How much exercise do pet rabbits need?

Astonishingly, a wild rabbit would run about five miles a day. Pet bunnies differ in their exercise needs according to age and breed. Rabbit expert and author of Bunnyhugga (a non-profit website that raises the profile of rabbits as pets) Hannah E Davis says: “They are designed to run very fast in short bursts and dodge and twist to escape predators – this is why you often see rabbits ‘binkying’ (leaping in the air and racing around). Younger rabbits tend to be a lot more active and are more likely to exhibit destructive behaviour such as chewing furniture or the bars of their cage if they are bored. Older rabbits usually sleep more but still need regular exercise. Larger breeds tend to be less active than small or dwarf breeds, while neutered or spayed rabbits slow down a little. Ideally, rabbits should be able to exercise whenever they want to but a minimum of four hours free run a day is recommended, ideally split into two exercise periods morning and evening of about two hours each.”
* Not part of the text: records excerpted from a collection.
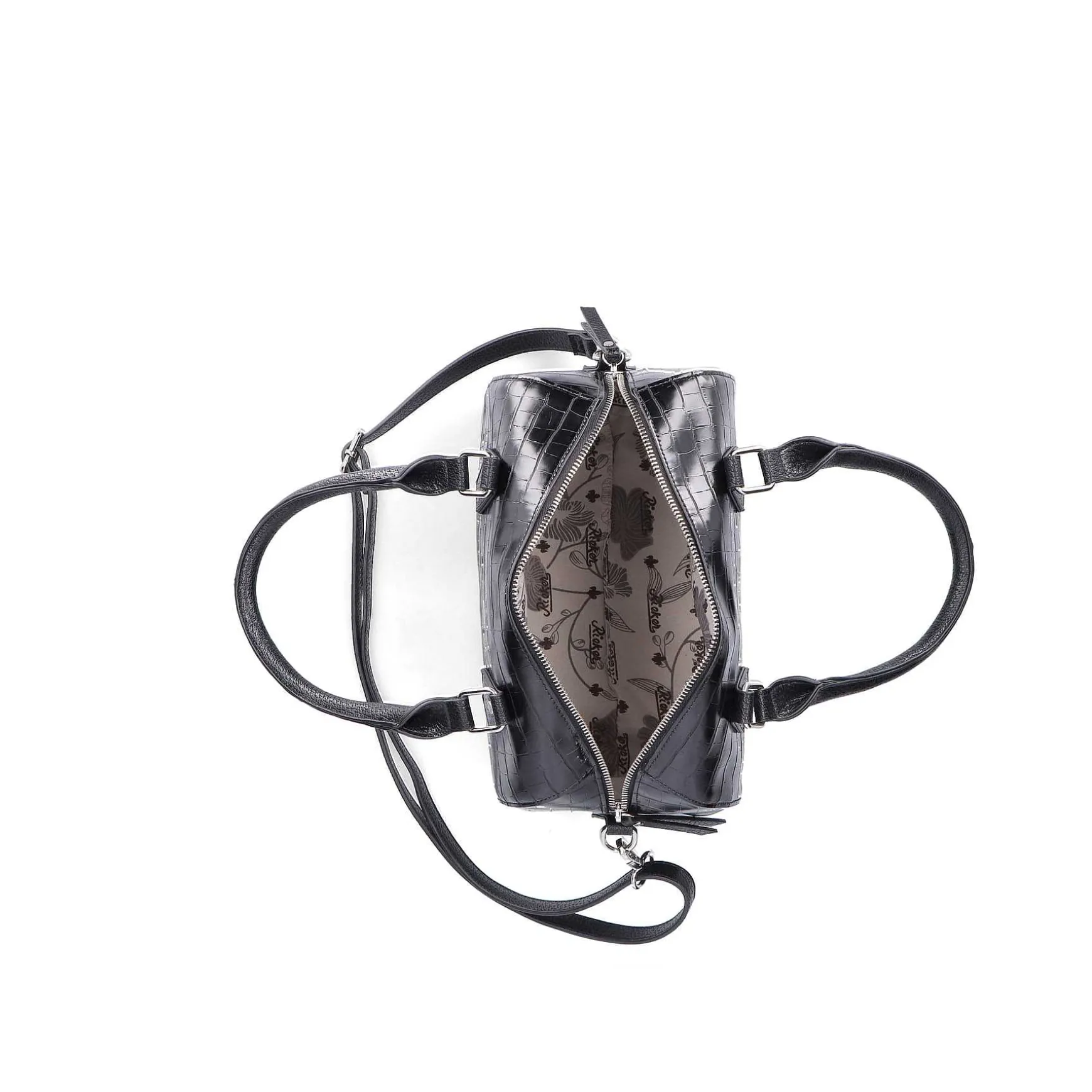 Denne Elegante Håndtaske Fra Rieker Imponerer Med Sin Enkelhed. Den Dybsorte Blanke Overflade I Den Klassiske Krokodillestil Giver Ethvert Outfit En Smart Finish! Vedhænget Med Sølvbogstaver Tilføjer En Stilfuld Accent. Tasken Har En Aftagelig Skulderrem, Som Gør At Den Kan Omdannes Til En Skuldertaske.
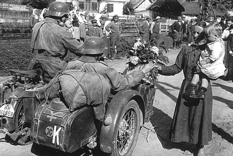 Ответ на следующих фотографиях: советские колхозники встречают гитлеровцев
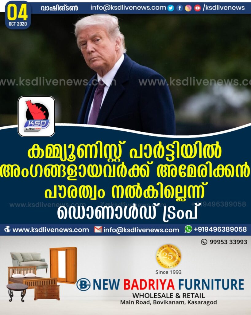 കമ്മ്യൂണിസ്റ്റ് പാർട്ടിയിൽ അംഗങ്ങളായവർക്ക് അമേരിക്കൻ പൗരത്വം നൽകില്ലെന്ന് ഡൊണാൾഡ് ട്രംപ്
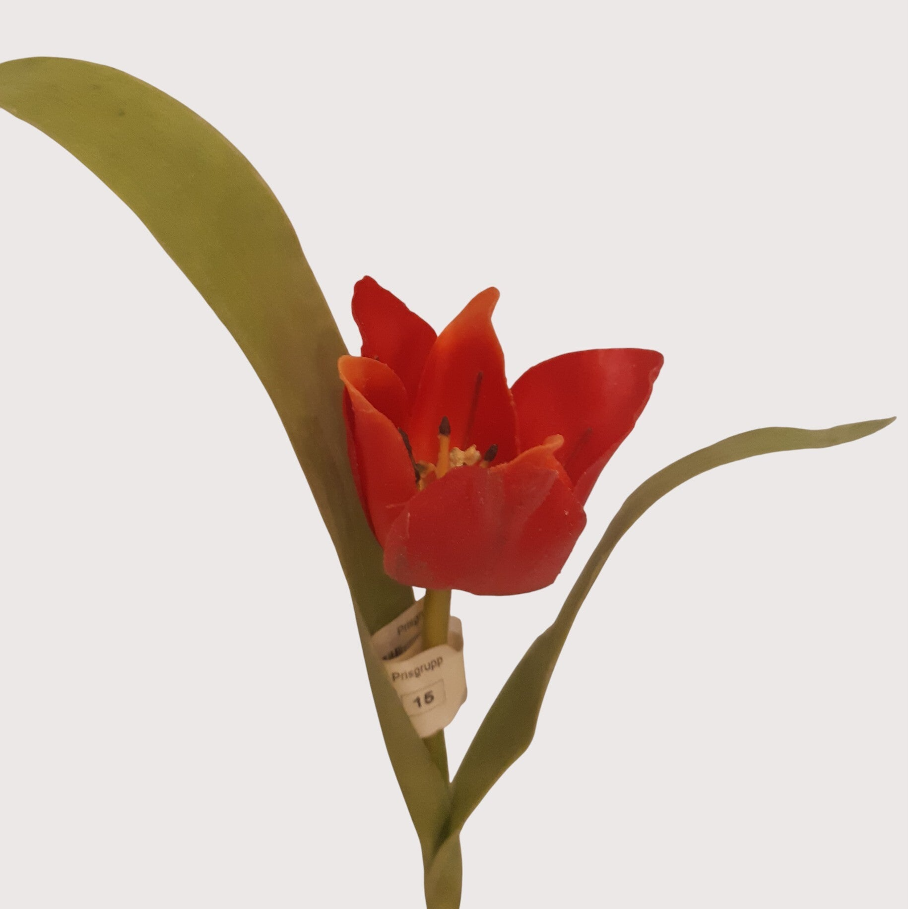 Realistyczny tulipan wykonany z silikonu, osadzony na cebulce. Idealny do wiosennych dekoracji, stroików i aranżacji florystycznych.
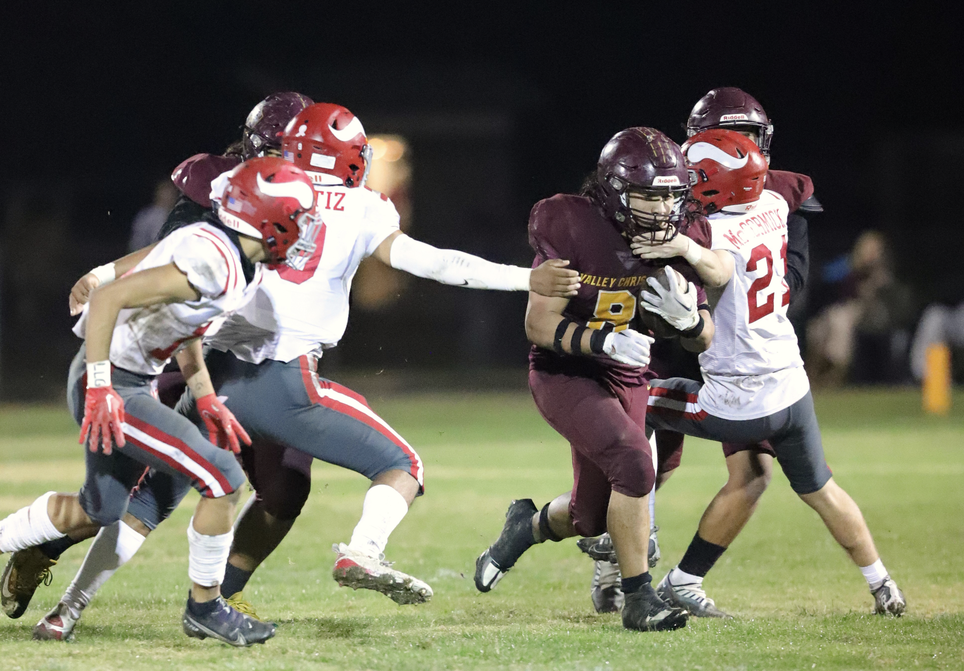 Despite the three miscues by the Vikings and the three punts and missed field goal by V.C., both teams were moving the ball well in the half. Sanchez completed nine of 16 passes for 161 yards, all but 39 yards going to Robert Barrera, and Aiden Avila accounted for 16 of the 18 rushes by Hueneme in the first half while Apisala was already at 80 yards on 15 carries as both teams easily had over 170 yards in offense.
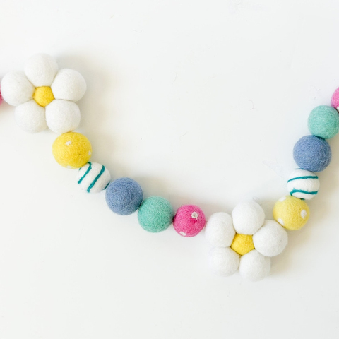 Spring Pastel Rainbow Daisy Wool Felted Garland with Wool Felt Ball Garland Easter Baby Shower Decoration for Christmas
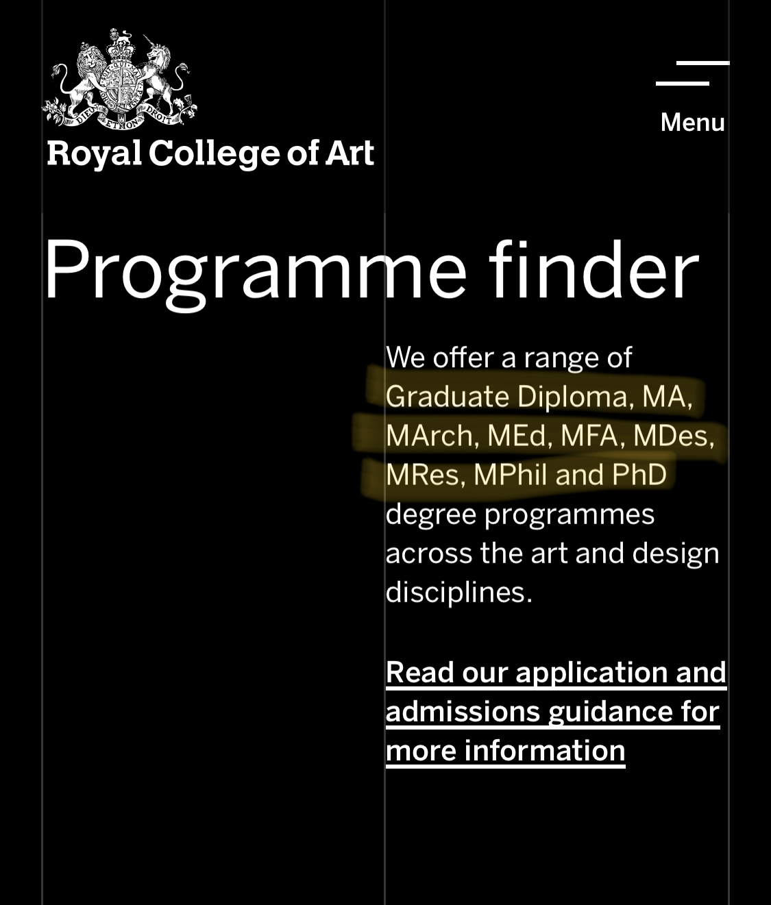 *모든 정보는 영국왕립예술학교 RCA 공식 홈페이지를 참고했다.
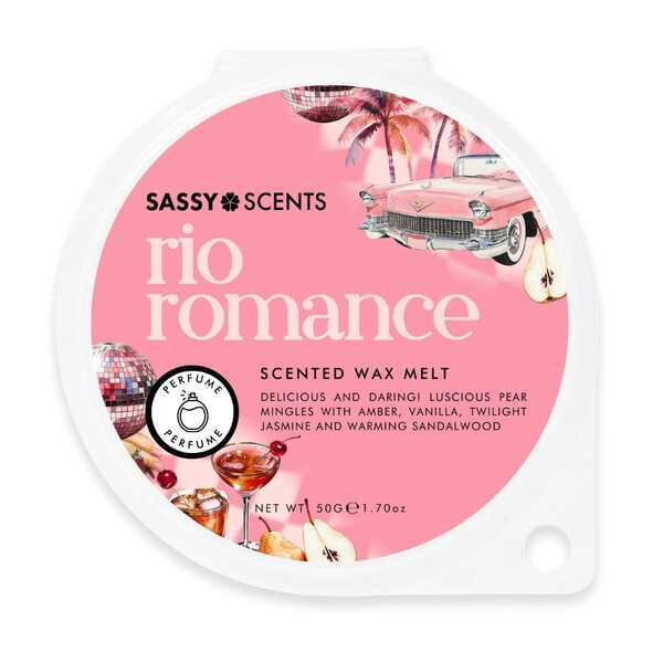 Experience the daring fragrance profile of the Sassy Scents Rio Romance wax melt. This 50g product blends sweet, floral, and warm notes to enhance your home atmosphere effectively. It is crafted from a rich soy blend wax base for a consistent release of its complex aroma.
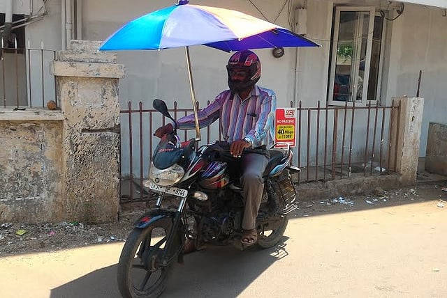 Meet Aloysius from Coimbatore who has devised the new “cool” way to win over these harsh summer days, by designing an exceptional umbrella especially for the riders of two-wheelers.
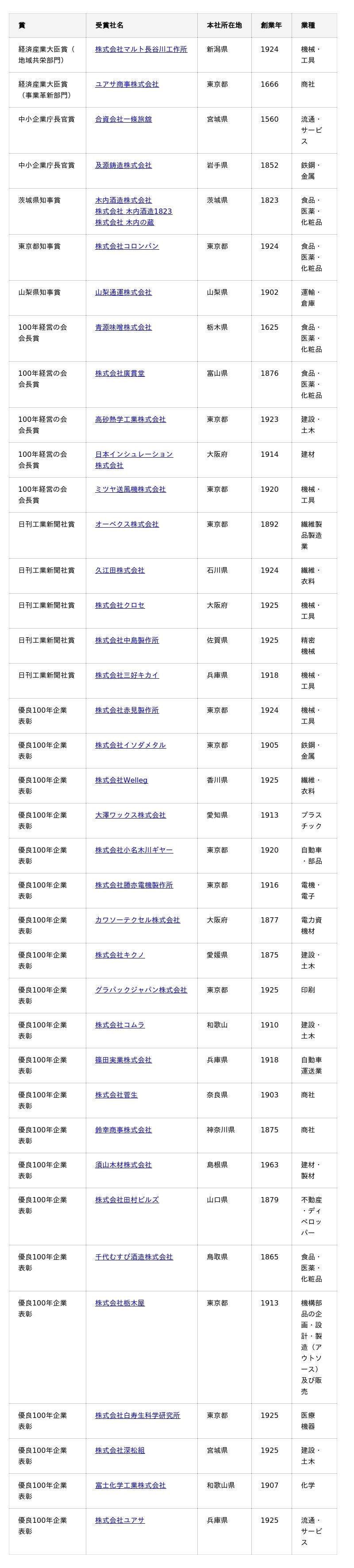 ■ 第7回100年企業顕彰 受賞企業(全38社)
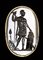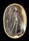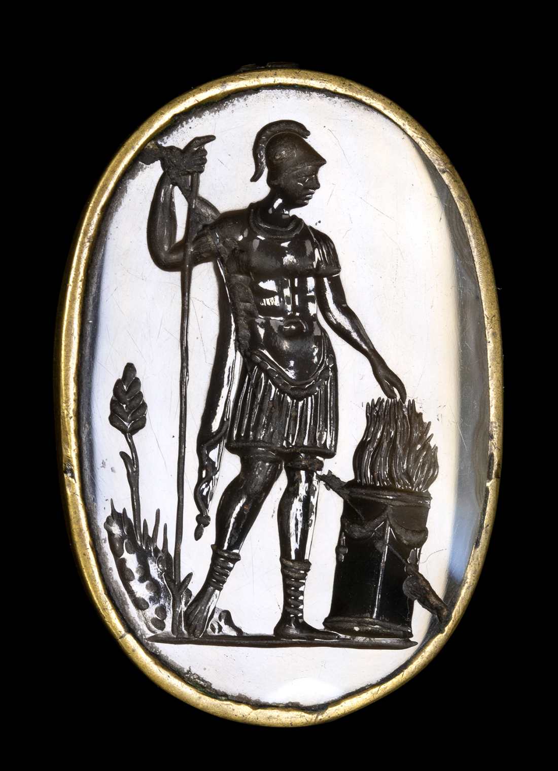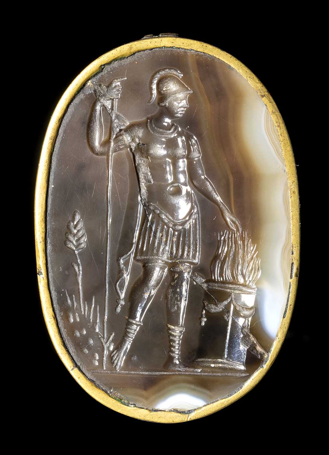 The soldier is standing facing right, wearing armour, helmet and cloak. With his right hand he holds a spear, while he places his left hand above the fire of a burning altar in his famous gesture of courage and virtue. The scene symbolizes the power of Roman Virtus. Nice choice of zoned agate, unfortunately brocken in two parts diagonally. The stone is fixed in a metal frame. Wear marks.
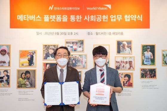 국제구호개발 NGO 월드비전(회장 조명환)이 지난 30일 한국스타트업투자정보와 메타버스를 활용한 사회공헌 분야 발전을 위해 업무 협약을 맺었다.
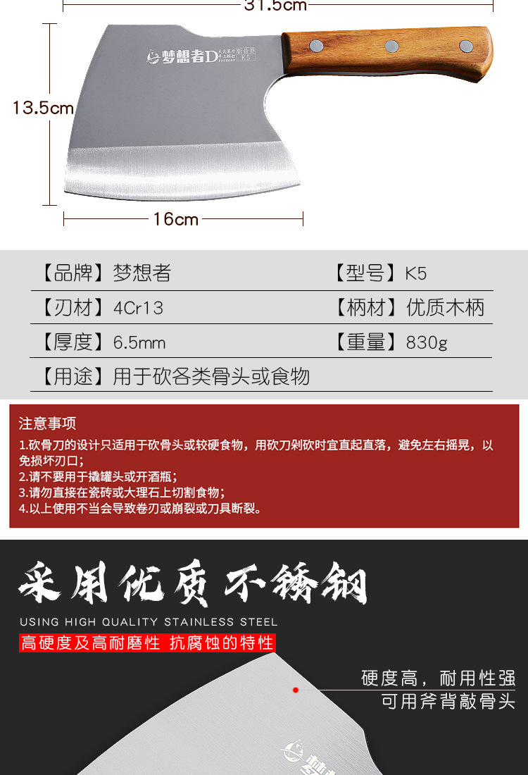 • 0.95kg K5 수제 뼈 자르기 도끼
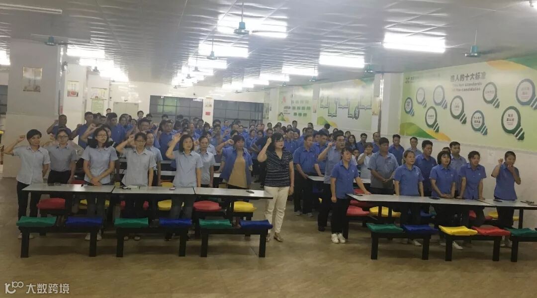 全体家人们一起朗诵锋兴五金的企业文化。
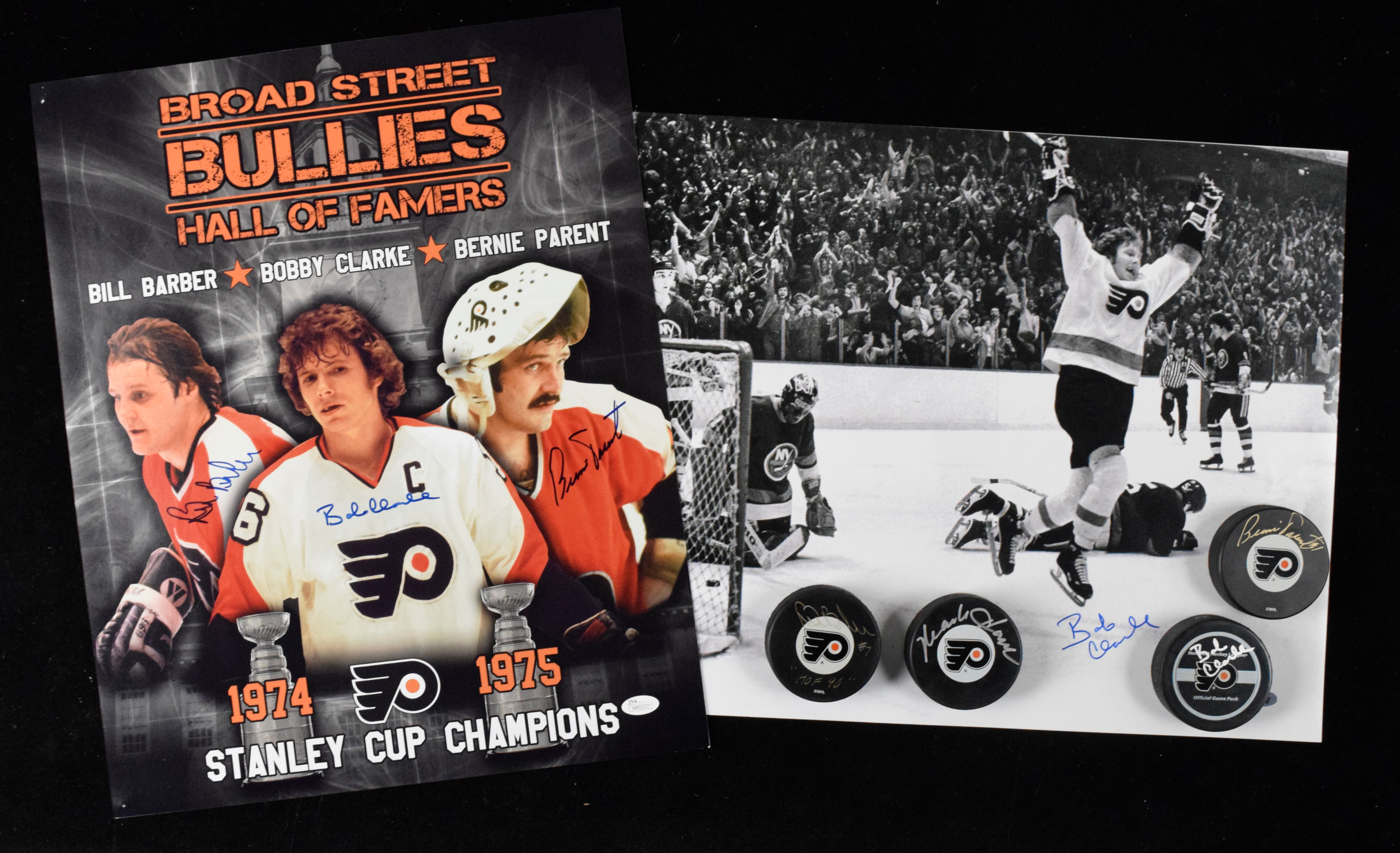 Description:Lot of (6) Philadelphia Flyers autographed pucks and photo, with Parent and Clarke (Sigs. NM/MT-MT). Lot includes (4) Flyers logo hockey pucks, individually autographed by Bobby Clarke, Mark Howe, Bernie Parent and Bill Barber. Also includes (2) 16"x20" photos, with one autographed by Bobby Clarke and one autographed by Bill Barber, Bobby Clarke and Bernie Parent (with JSA sticker). Signatures rate 8/9 out of 10, and items appear EX/MT-NM.
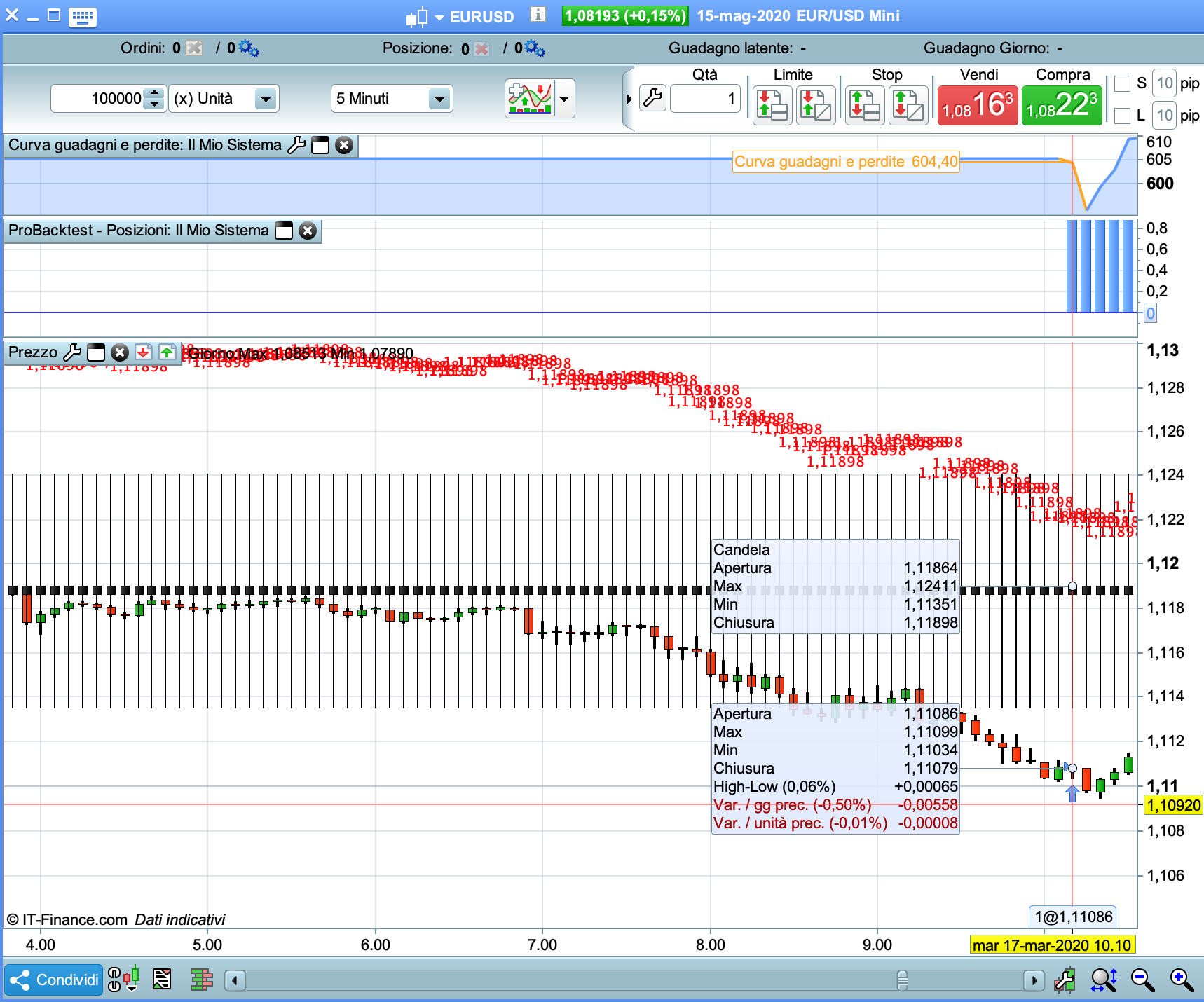 Nel caso volessi provare a backtestare uso timeframe5min con 100.000 unità su eur/usd.

It’s much easier to provide pet rabbits with the necessary exercise if their exercise run is permanently attached to their hutch/cage, so they can come and go as they please. Rabbits are most active at dawn and dusk – they’re ‘crepuscular’ – so lifting them from hutch to run for a few hours in the daytime just doesn’t suit their body clocks and instincts. 

Source: Rabbit Welfare Association & Fund

Why is exercise so important for bunnies?

Burgess in-house vet, Dr Suzanne Moyes, advises: “Without adequate exercise, the skeletal frame of a pet rabbit suffers. Exercise helps young rabbits develop a healthy bone structure and helps adult bunnies maintain a healthy physique. If bunnies don’t have enough to do, they’ll get bored and may overeat, causing obesity. For rabbits, being overweight makes it harder for them to move about, causing a range of health problems. These can include heart problems and arthritis – and the fur on the back of their legs may get worn away, making their skin sore. And, if they can’t turn around to clean themselves properly, they can become vulnerable to flystrike (when flies lay eggs, which hatch into maggots and eat the rabbit’s flesh). Bored, inactive rabbits may also over-groom themselves, making them susceptible to hairballs.”

What sort of exercise do rabbits need?

  • As well as a chance to run, buns need an exciting space where they can hop, jump, explore and forage and do all the things that come naturally to bunnies.
  • To encourage them to be more active, give your bunnies plenty of things to do – tunnels to run through, toys to investigate and play with and a chance to dig. A shallow tray filled with potting compost is ideal.
  • As prey animals, rabbits also need constant access to safe hiding places where they can escape if they feel afraid, as well as platforms from which they hop on and off to can scan their environment for threats. 

Dr Moyes says: “Enrichment is really important. Interesting environments that encourage physical and mental stimulation will create a happy place for your buns to explore and encourage natural behaviours, which is vital to your rabbits’ health and wellbeing.” 


Rabbits should be fed in a way that is as close as possible to their natural diet: mostly grass or hay. We recommend providing some fresh leafy vegetables and a small amount of commercial feed. The long fibre of grass or hay is vital to their digestive, behavioural and dental health.

Source: Rabbit Welfare Association & Fund

Find out more about feeding your rabbit >> 

Hannah E Davis says: “Rabbits are very inquisitive and enjoy exploring. It’s a good idea to have a range of suitable toys – give your rabbits different ones to play with each week to keep them interested.”

Playing games with your rabbit is a great way to prevent boredom, encourage exercise and get to know them a bit better. 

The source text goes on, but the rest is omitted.